All operations were performed on ice. Centrifugation of the samples was performed at 4 °C. After transferring the whole brains of tree shrew embryos to ice-cold DMEM/FBS, the dura mater and blood vessels were removed from the brains. Brain tissues were dissociated using a modified protocol from the Worthington Papain Dissociation System. In brief, the dissected brains were cut into small pieces of less than 1 mm³. The small pieces were then digested with 1 mg/ml papain and 0.4% DNaseI at 37 °C for 30 min, shaking once every 5 min. After 40 min, the digestion process was blocked with DMEM/FBS. Cell suspensions were filtered through a 100-µm cell strainer and pelleted in a benchtop centrifuge at 200 × g for 5 min. Pellets were resuspended in DMEM and strained through a 40-µm filter.

To remove cell debris, 2 ml cell suspension was layered onto a gradient composed of 1 ml layers of 11%, 20%, and 35% Optiprep1.32, pH 7.4, in DMEM and centrifuged for 5 min at 430 × g with no brake. The bottom 1 ml of the gradient was collected and mixed with 1 ml DMEM. The cells were then pelleted at 550 × g for 5 min before being resuspended in 100–200 µl DMEM with 0.2% bovine albumin. Quality control required cell viability to be higher than 80%. The cells of the brain of each tree shrew embryo were then processed with Chromium Single Cell 3′ Reagent Kits following the manufacturer's instructions (v3 chemistry CG000183).

Library Construction and Sequencing

The input cells were loaded onto the channel of Single Cell B Chip (v3 chemistry, PN-1000153). The 10x library was constructed using 10x Chromium Controller and Chromium Single Cell 3′ Reagent Kits (v3 chemistry CG000183) following the detailed protocol of the manufacturer. In brief, single-cell suspensions in each channel of the chip were loaded on a Chromium Controller (10x Genomics, Pleasanton, CA) to generate single-cell GEMs (gel beads in the emulsion). The 10x libraries of each channel were then prepared using the Chromium Single Cell 3′Gel Bead and Library Kit v3 (PN-1000153, 1000075, 120262; 10x Genomics).

Libraries were sequenced using an Illumina NovaSeq 6000 sequencer with 150-bp paired-end reads.

Single-Cell RNA-Sequencing Data Processing and Analysis

Quality Control of Raw Data

We used fastp (Chen et al. 2018) to perform basic statistics on the quality of the raw reads, ensuring the raw reads of Read1 and Read2 were adequate for subsequent analyses. In total, we sequenced 9,241 and 9,685 single cells from two tree shrew embryos, respectively.

Reads’ Alignment

The raw data were analyzed by cellranger 3.1.0. In brief, the cellranger mkfastq transformed raw base call (BCL) files generated by Illumina sequencers into FASTQ files and decoded the multiplexed samples. Cellranger count took FASTQ files from cellranger mkfastq and performed sequencing alignment, filtering, barcode counting, and unique molecular identifiers counting using the default parameters. The reference genome and annotation files of the tree shrew were downloaded from the Tree Shrew Database (TS_2.0 long-read assembly, http://www.treeshrewdb.org/). The standard output files generated by cellranger count served as input data for further analyses with Seurat v3 (Butler et al. 2018).

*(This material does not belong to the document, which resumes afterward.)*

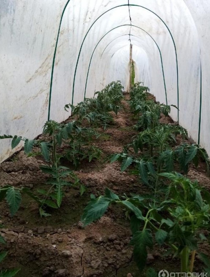 Нашият домат е засаден в оранжерия, въпреки че производителят на семена набляга на открита земя.

Cross-Species Integrated Analysis

To perform cross-species comparison analysis of embryo brains between human, rhesus macaque, and tree shrew at the cellular level, we followed the steps outlined below.

Acquisition of Orthologous Genes Between Species

We used OrthoFinder (Emms and Kelly 2019) to determine one-to-one orthologous protein-coding genes between human (H. sapiens, GRCh37, Ensembl v87), rhesus macaque (Macaca mulatta, Mmul_8.0.1, Ensembl v97), and tree shrew (T. belangeri, TS_2.0 long-read assembly, http://www.treeshrewdb.org/). A total of 9,833 orthologous genes were considered for further analyses.

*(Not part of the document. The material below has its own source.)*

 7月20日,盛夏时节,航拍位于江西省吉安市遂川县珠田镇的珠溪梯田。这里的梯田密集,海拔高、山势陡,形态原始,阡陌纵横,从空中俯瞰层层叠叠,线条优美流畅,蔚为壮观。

Integrated Analysis and Classification of Integrated Cell Clusters

We aligned cells of the three species together to investigate the consistency and divergence in single cells using FindIntegrationAnchors and IntegrateData functions of the Seurat R package (v3) (Butler et al. 2018). Clusters were then identified with top 20 principal components and resolution parameters of 0.5. The FindAllMarkers function in Seurat was utilized to obtain the marker genes and DEGs pairwise between species in each integrated cluster (supplementary tables S7, S8, and S19, Supplementary Material online).

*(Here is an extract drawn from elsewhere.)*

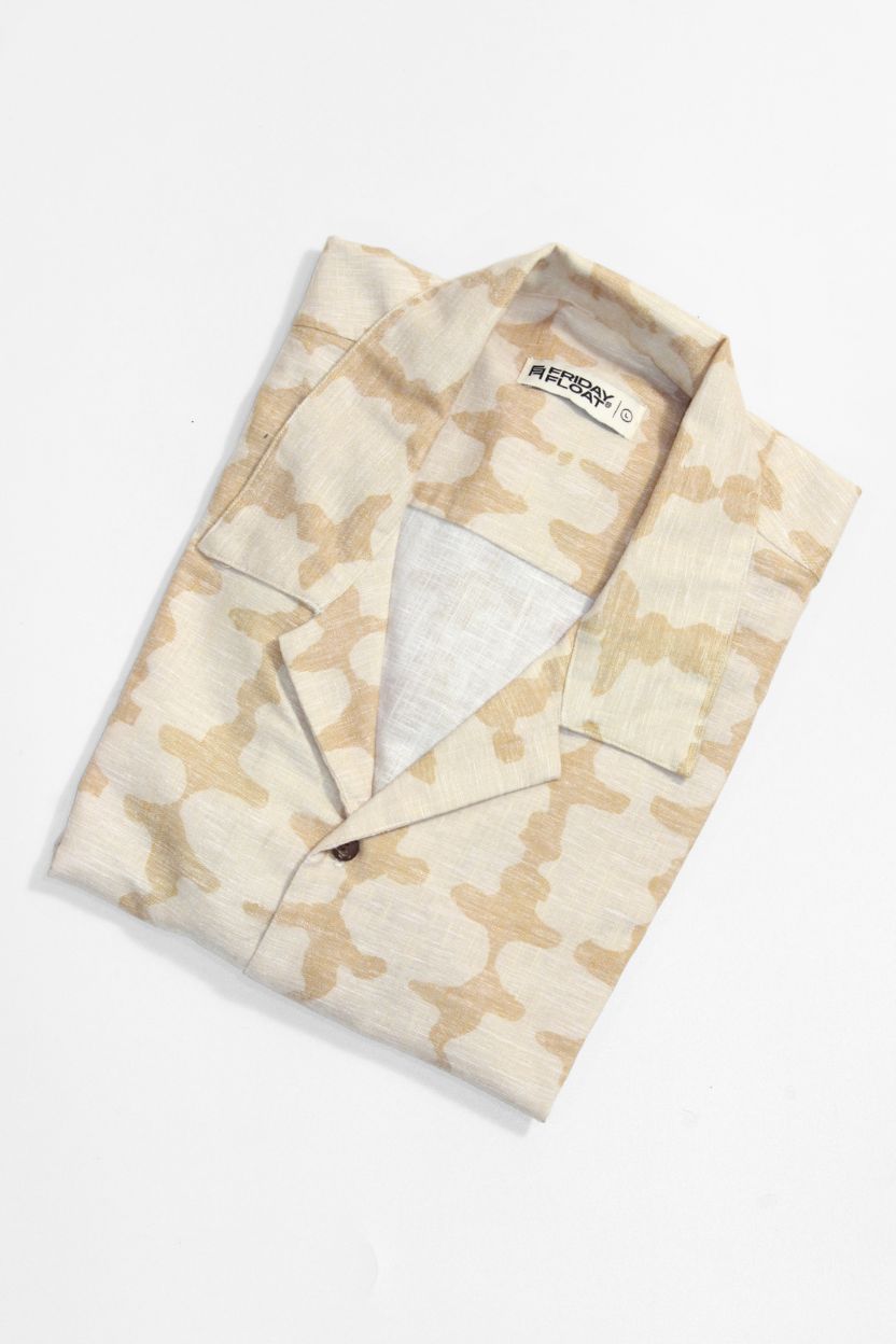 Beige Abstract Geometric Cuban Collar Shirt

After performing integrated analysis, the annotation of rhesus macaque was used as the criterion to annotate the integrated clusters. We calculated the percentage of each macaque cell type in each integrated cluster, and then the integrated cluster was annotated as the cell type with the largest percentage. Similar cell clusters showed higher correlations (supplementary fig. S2A, Supplementary Material online).

RNA Extraction and Sequencing for mRNA-seq

RNA Extraction

Total RNA was extracted using the TRIzol method following the manufacturer's (Qiagen) protocol. OD_260/280 ratio and RNA concentration were determined for each sample using NanoDrop (Thermo Fisher Scientific) and Qubit 2.0 (Thermo Fisher Scientific), respectively, and RNA integrity numbers (RIN) were measured using the Agilent 2100 Bioanalyzer system.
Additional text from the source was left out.